Stimülasyon üzerine, kontrol ve hastanın beyin omurilik sıvısı veya BOS örnekleri ile inkübe edilen kültürden zaman içinde floresan sinyalini çıkarın Görüntü J.It gibi işleme yazılımı kullanılarak hücrelerin in vitro olarak eşit olarak dağıldığı ve hücre gövdesi etrafında gelişen bir lamel ve küçük nöritlerin uzamaya başladığı plakaya yapıştığı gözlendi. Kültürde birkaç gün sonra, nöritler kısa bir mesafe uzadı ve hücreler önemli bir polarizasyon gösterdi. Nöronal ağ büyümeye devam etti ve karmaşık hale geldi.

18 günde, nöronlar olgundu, birbirine bağlıydı ve nöronal ağı inşa etti. Temsili floresan görüntüler, seçici belirteçler kullanarak 18 günde olgun nöronları göstermektedir. Kültürlerin hasta örnekleri ile inkübasyonu, nöronların yüzeyinde bulunan NMDA reseptörünü tanıyan otomatik antikorları içerdiğinden yoğun bir floresan sinyali üretti.

Buna karşılık, kontrol örnekleri nöronal kültürlere uygulandığında floresan sinyali üretmedi. NMDA uygulaması, hücre içi yeşil floresandaki bir değişiklikle gösterildiği gibi floresan yoğunluğunu arttırdı. Stimülatör uygulandığında, kontrol BOS örneği ile tedavi edilen nöronlar, floresan yoğunluğunda, hasta BOS örneği ile tedavi edilen hücrelerden daha yüksek bir fark göstermiştir.

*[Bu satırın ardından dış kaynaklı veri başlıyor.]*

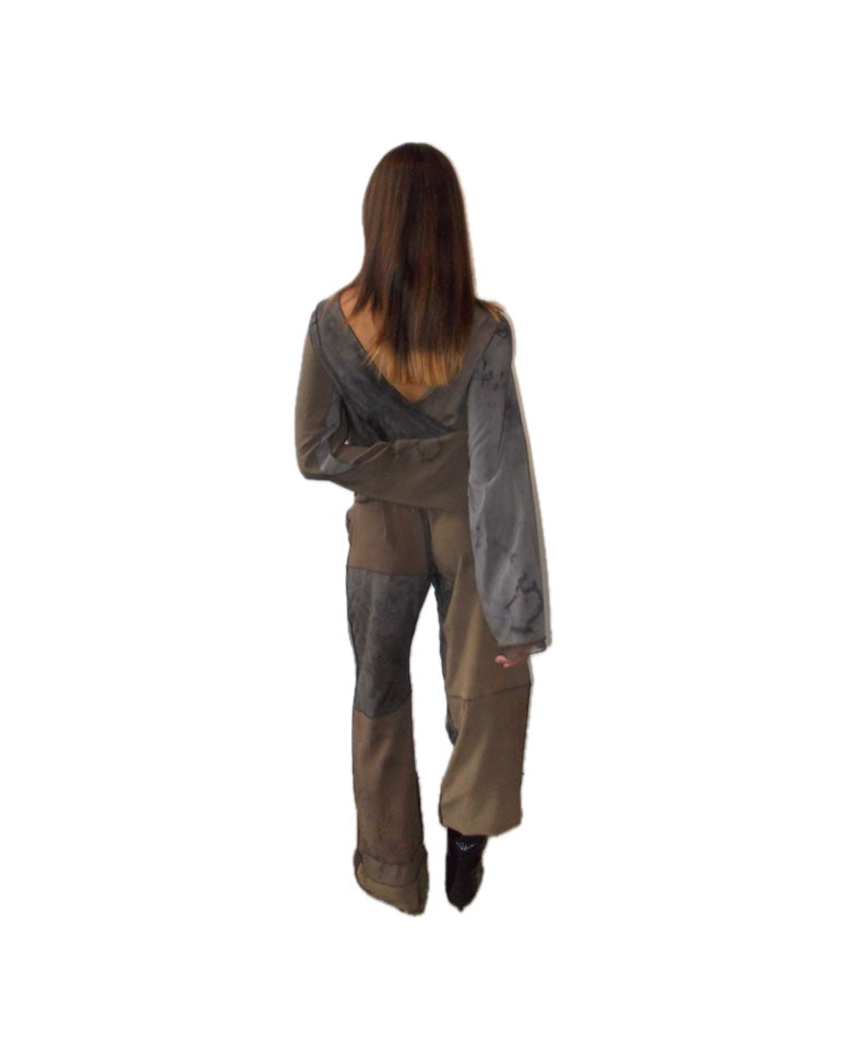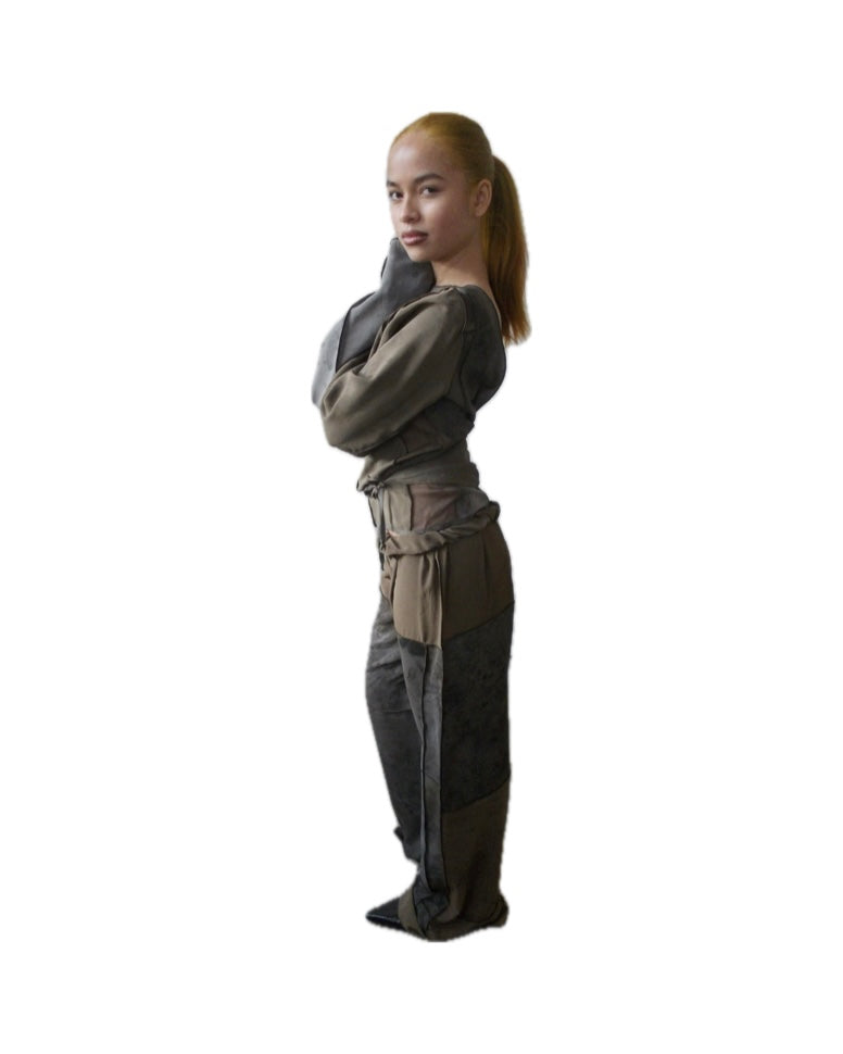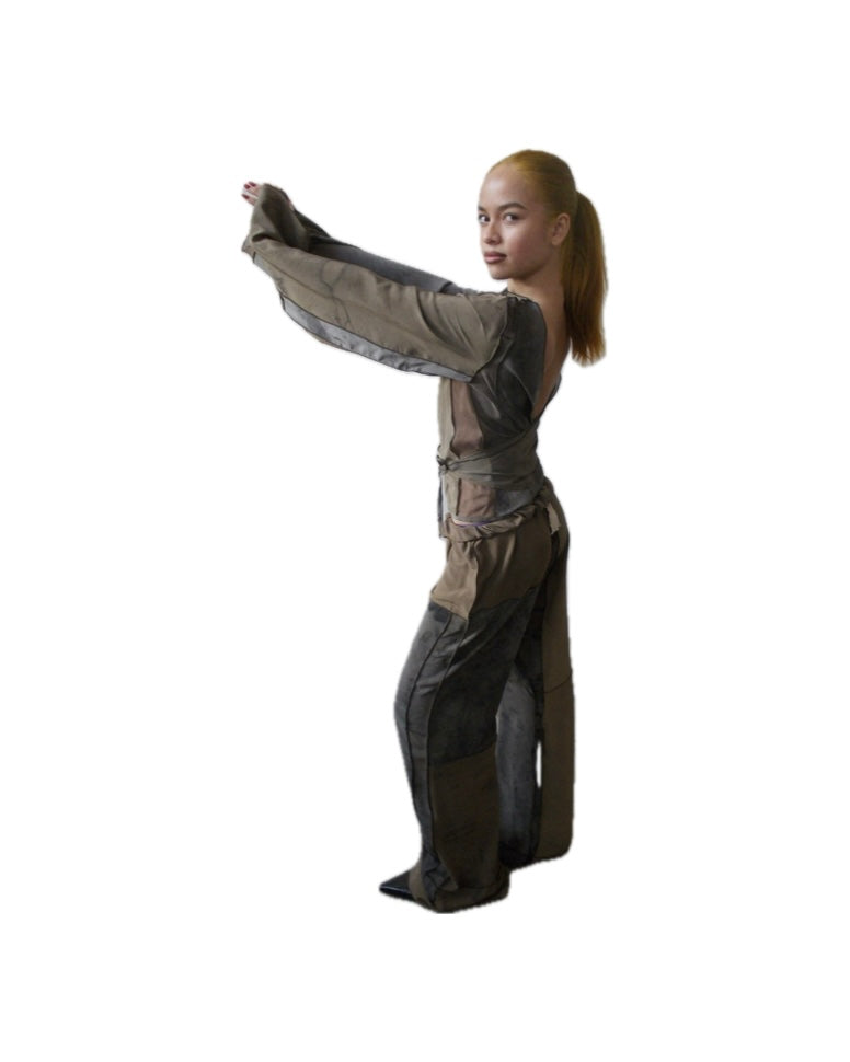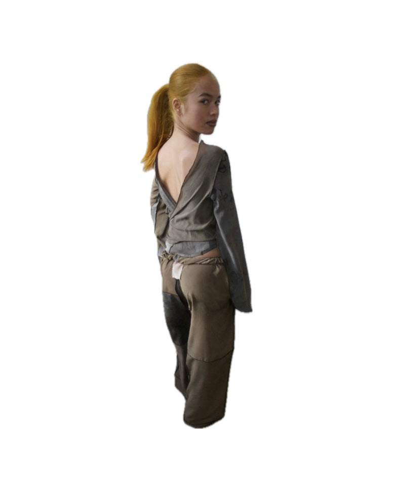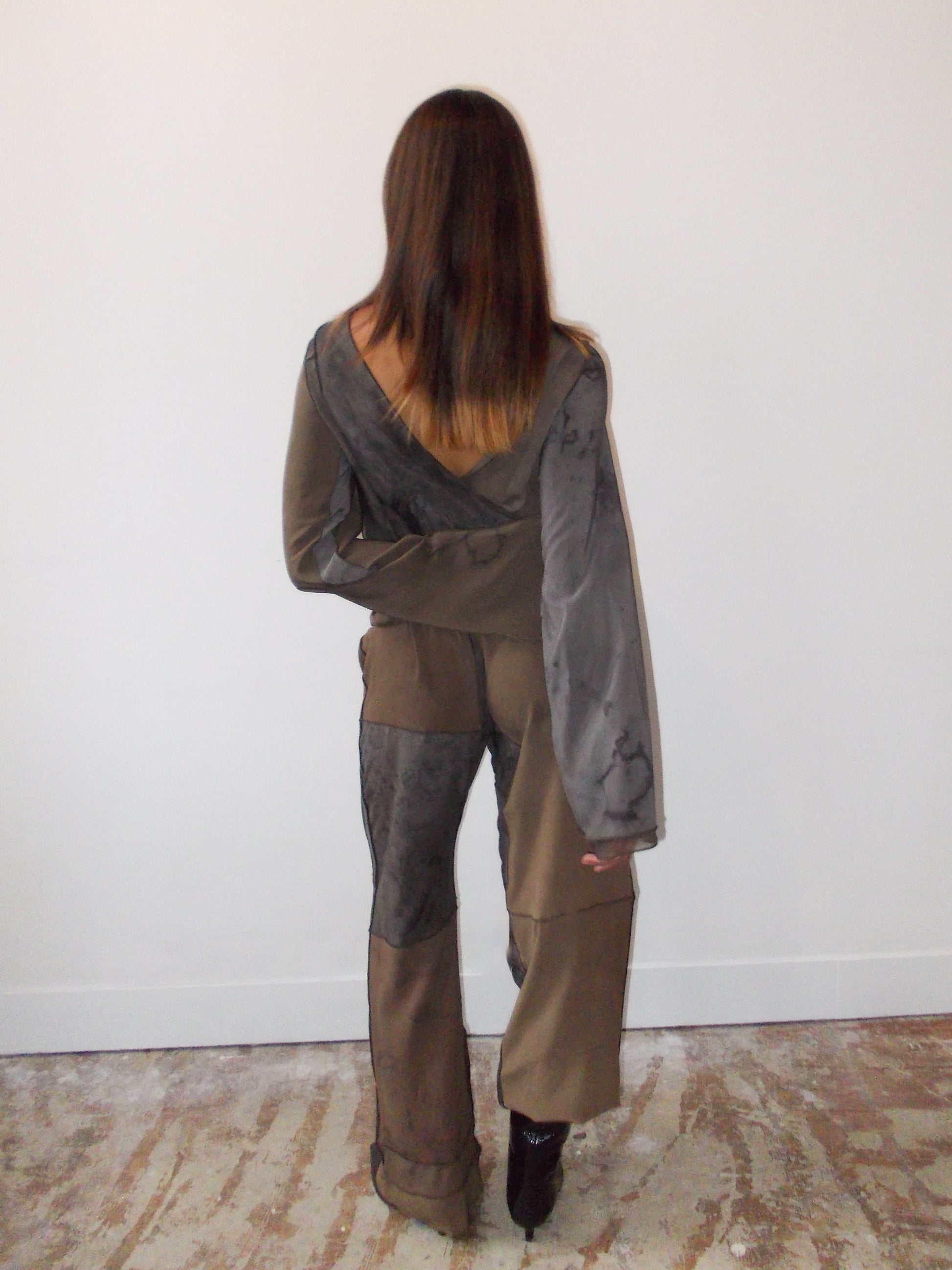 Straight pants made of woven silk crêpe with elasticated waist. Hand dyed in pink, green, brown and yellow hues on a cream base, with a bundle dye technique.

Hipokampusun özellik tanımlaması ve diseksiyonu, kültürlerin saflığını belirler. Hücre agregasyonu, özellikle kültürleri görüntüleme amacıyla kullanırken önemli bir faktördür. Ek olarak, kültürlenmiş hipokampal nöronlar, immünopresipitasyon ve kütle spektrometrisi teknikleriyle birleştirildiğinde yeni antikorları ve hedef antijenlerini tanımlamak için kullanılabilir.

Bu teknik, yeni bir antikor aracılı hastalık kategorisinin karakterizasyonuna izin vermiştir. Bu nedenle, nano immünolojinin yeni alanının incelenmesinde esastır.